District of Columbia
One of two gay candidates wins primary for D.C. Council
Bowser triumphs in Democratic race for third term as mayor
Gay D.C. Board of Education member Zachary Parker emerged as the clear winner in a seven-candidate race for the Ward 5 D.C. Council seat in Tuesday’s Democratic primary, placing him in a strong position to win the November general election and become the first openly gay member of the Council since 2015.
With nearly all of the votes counted shortly before midnight, Parker had 41.65 percent of the vote, with his closest rival, Faith Gibson Hubbard, receiving 23.41 percent. Former at-large and Ward 5 Councilmember Vincent Orange had 16.66 percent of the vote in his unsuccessful bid to return to the Council.

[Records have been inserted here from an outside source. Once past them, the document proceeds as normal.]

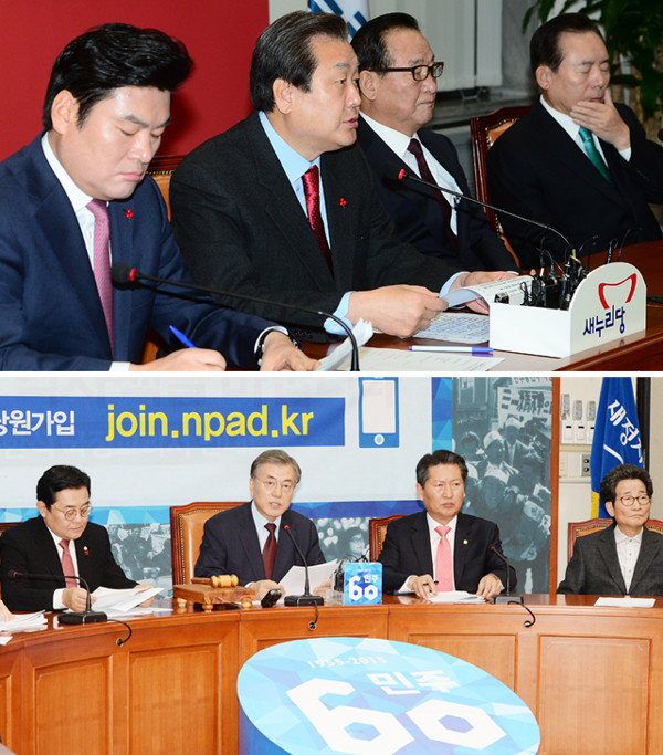 21일 오전 서울 여의도 국회에서 열린 새누리당 최고위원회의에서 김무성 대표가 모두발언을 하고 있다(위). 문재인 새정치민주연합 대표가 21일 오전 서울 여의도 국회에서 열린 최고위원회의에서 모두발언 하고 있다. 이날 최고위원회의에는 새로 임명된 이목희(오른쪽) 정책위의장이 참석했다.
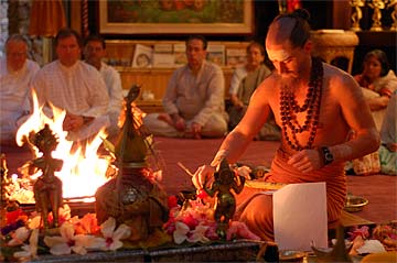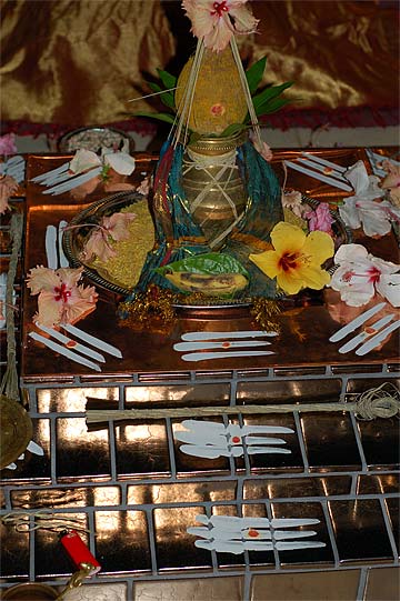 Morning homa was performed. This is the first fire ceremony in the newly built altar. On the top you can see the shiney new copper insert.
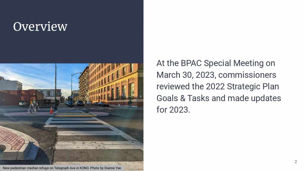 At the April 20, 2023 BPAC meeting, BPAC Chair Dianne Yee presented the BPAC 2023 Strategic Plan for adoption, which the Commission revised from the 2022 Strategic Plan at the March 30, 2023 Special Meeting. The Commission also continued discussion on the status of Committee meetings—whether the Infrastructure and Legislative Committees will begin to meet in-person.

While Parker and his supporters celebrated his primary victory, gay former D.C. police officer Salah Czapary lost his bid for the Ward 1 D.C. Council seat to incumbent Councilmember Brianne Nadeau by a margin of 47.39 percent to 32.09 percent. A third candidate in the Ward 1 race, Sabel Harris, had 20.25 percent of the vote.
Parker had an advantage over Czapary, according to political observers, because he was running for an open seat after incumbent Ward 5 Councilmember Kenyan McDuffie ran unsuccessfully for Attorney General rather than re-election to the Council. Incumbents, such as Nadeau in Ward 1, are considered to have a better chance of winning re-election.
But some political observers, based on reports of a private poll showing Czapary running close if not slightly ahead of Nadeau, thought Czapary had a good shot at unseating Nadeau. That prompted what Czapary’s supporters said was an onslaught of negative campaign attacks against Czapary. The attacks were based in part on a Washington City Paper story disclosing his campaign chairperson was a registered Republican and was associated with a conservative think tank that supports Donald Trump.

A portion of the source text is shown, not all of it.